■ **TASK BRIEF**
Please give back each line below unchanged; none of the pictures should appear.

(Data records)

──────────────────────────────

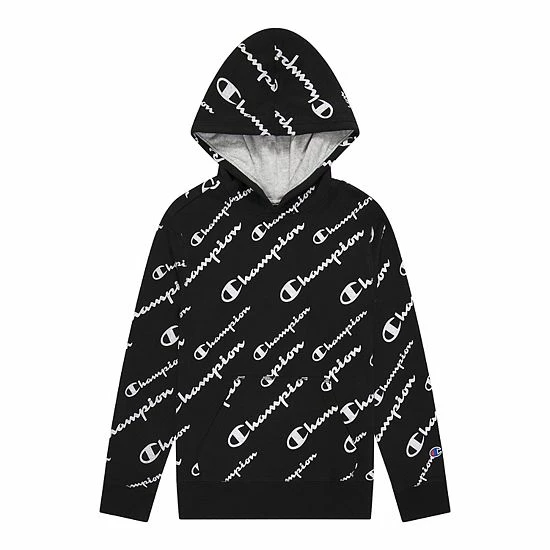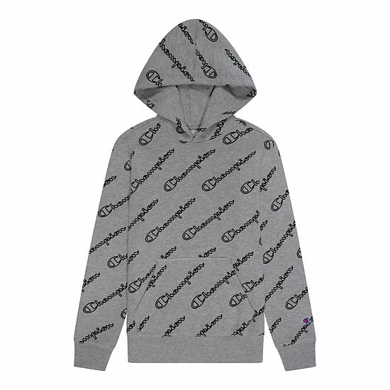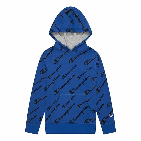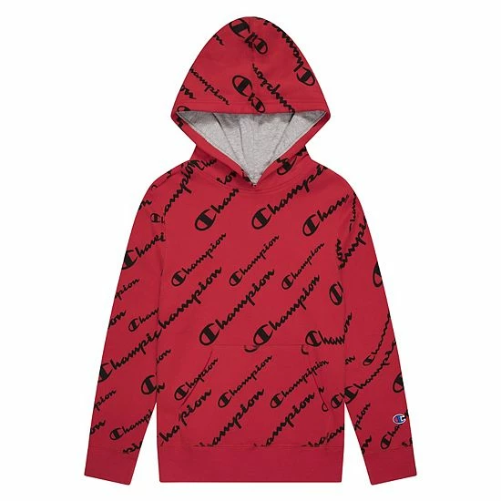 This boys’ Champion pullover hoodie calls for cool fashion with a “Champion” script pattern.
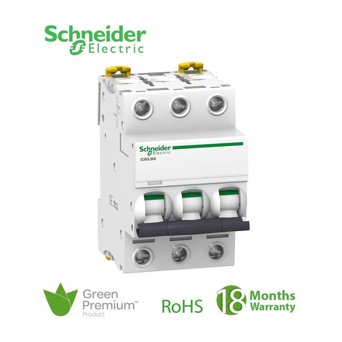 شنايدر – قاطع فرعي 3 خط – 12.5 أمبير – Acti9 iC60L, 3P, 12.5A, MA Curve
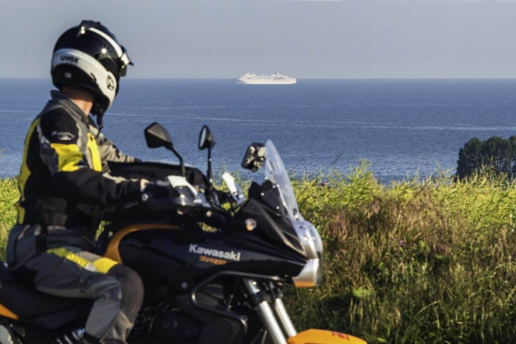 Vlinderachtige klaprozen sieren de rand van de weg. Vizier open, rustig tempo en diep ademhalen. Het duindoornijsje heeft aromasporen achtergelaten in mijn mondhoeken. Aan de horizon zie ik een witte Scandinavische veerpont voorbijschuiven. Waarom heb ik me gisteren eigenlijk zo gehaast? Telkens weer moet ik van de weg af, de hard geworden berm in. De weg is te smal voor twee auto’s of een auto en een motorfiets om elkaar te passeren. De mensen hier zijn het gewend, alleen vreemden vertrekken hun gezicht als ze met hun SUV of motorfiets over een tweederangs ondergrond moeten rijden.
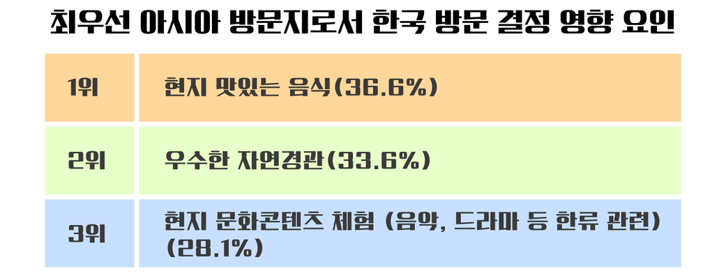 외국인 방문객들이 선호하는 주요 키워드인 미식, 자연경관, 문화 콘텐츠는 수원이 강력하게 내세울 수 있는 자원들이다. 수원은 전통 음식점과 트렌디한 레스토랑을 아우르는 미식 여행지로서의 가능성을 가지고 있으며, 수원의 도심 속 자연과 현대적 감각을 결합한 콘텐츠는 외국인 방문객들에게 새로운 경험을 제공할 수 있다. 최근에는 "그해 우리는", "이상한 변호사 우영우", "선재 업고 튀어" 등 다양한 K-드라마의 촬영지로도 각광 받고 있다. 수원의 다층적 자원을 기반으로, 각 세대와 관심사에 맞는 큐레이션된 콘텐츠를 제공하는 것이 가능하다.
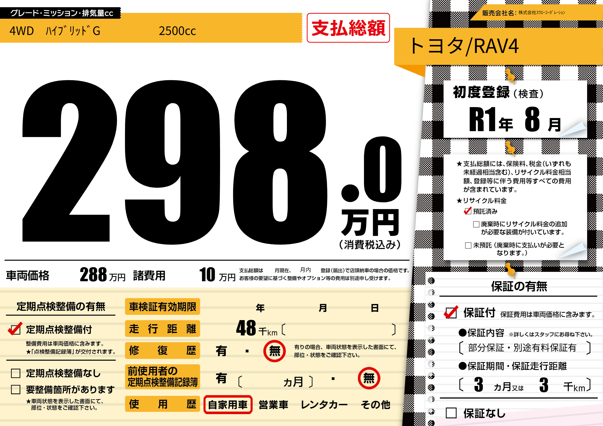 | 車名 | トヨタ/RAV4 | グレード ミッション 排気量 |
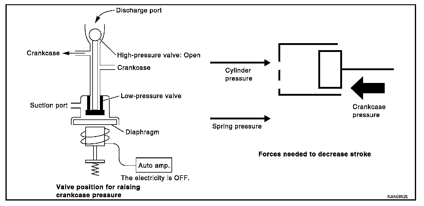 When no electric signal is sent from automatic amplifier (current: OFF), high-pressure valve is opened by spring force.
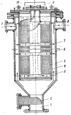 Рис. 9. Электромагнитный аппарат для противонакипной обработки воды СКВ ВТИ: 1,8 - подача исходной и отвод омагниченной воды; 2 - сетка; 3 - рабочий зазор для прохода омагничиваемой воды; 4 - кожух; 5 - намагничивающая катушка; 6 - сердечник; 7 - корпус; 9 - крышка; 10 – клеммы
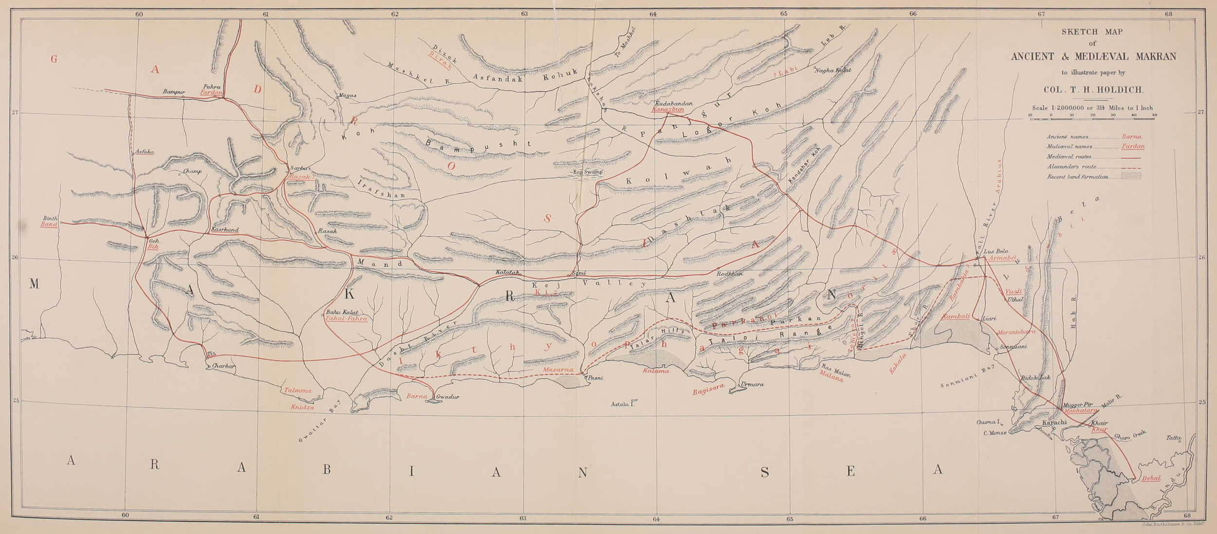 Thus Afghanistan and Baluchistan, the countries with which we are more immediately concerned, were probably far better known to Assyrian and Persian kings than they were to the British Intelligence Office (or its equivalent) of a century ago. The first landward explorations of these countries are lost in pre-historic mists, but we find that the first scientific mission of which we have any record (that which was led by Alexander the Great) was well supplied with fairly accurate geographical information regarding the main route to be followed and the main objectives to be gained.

──────────────────────────────

■ **RESPONSE BOX**
 This boys’ Champion pullover hoodie calls for cool fashion with a “Champion” script pattern.
 شنايدر – قاطع فرعي 3 خط – 12.5 أمبير – Acti9 iC60L, 3P, 12.5A, MA Curve
 Vlinderachtige klaprozen sieren de rand van de weg. Vizier open, rustig tempo en diep ademhalen. Het duindoornijsje heeft aromasporen achtergelaten in mijn mondhoeken. Aan de horizon zie ik een witte Scandinavische veerpont voorbijschuiven. Waarom heb ik me gisteren eigenlijk zo gehaast? Telkens weer moet ik van de weg af, de hard geworden berm in. De weg is te smal voor twee auto’s of een auto en een motorfiets om elkaar te passeren. De mensen hier zijn het gewend, alleen vreemden vertrekken hun gezicht als ze met hun SUV of motorfiets over een tweederangs ondergrond moeten rijden.
 외국인 방문객들이 선호하는 주요 키워드인 미식, 자연경관, 문화 콘텐츠는 수원이 강력하게 내세울 수 있는 자원들이다. 수원은 전통 음식점과 트렌디한 레스토랑을 아우르는 미식 여행지로서의 가능성을 가지고 있으며, 수원의 도심 속 자연과 현대적 감각을 결합한 콘텐츠는 외국인 방문객들에게 새로운 경험을 제공할 수 있다. 최근에는 "그해 우리는", "이상한 변호사 우영우", "선재 업고 튀어" 등 다양한 K-드라마의 촬영지로도 각광 받고 있다. 수원의 다층적 자원을 기반으로, 각 세대와 관심사에 맞는 큐레이션된 콘텐츠를 제공하는 것이 가능하다.
 | 車名 | トヨタ/RAV4 | グレード ミッション 排気量 |
 When no electric signal is sent from automatic amplifier (current: OFF), high-pressure valve is opened by spring force.
 Рис. 9. Электромагнитный аппарат для противонакипной обработки воды СКВ ВТИ: 1,8 - подача исходной и отвод омагниченной воды; 2 - сетка; 3 - рабочий зазор для прохода омагничиваемой воды; 4 - кожух; 5 - намагничивающая катушка; 6 - сердечник; 7 - корпус; 9 - крышка; 10 – клеммы
 Thus Afghanistan and Baluchistan, the countries with which we are more immediately concerned, were probably far better known to Assyrian and Persian kings than they were to the British Intelligence Office (or its equivalent) of a century ago. The first landward explorations of these countries are lost in pre-historic mists, but we find that the first scientific mission of which we have any record (that which was led by Alexander the Great) was well supplied with fairly accurate geographical information regarding the main route to be followed and the main objectives to be gained.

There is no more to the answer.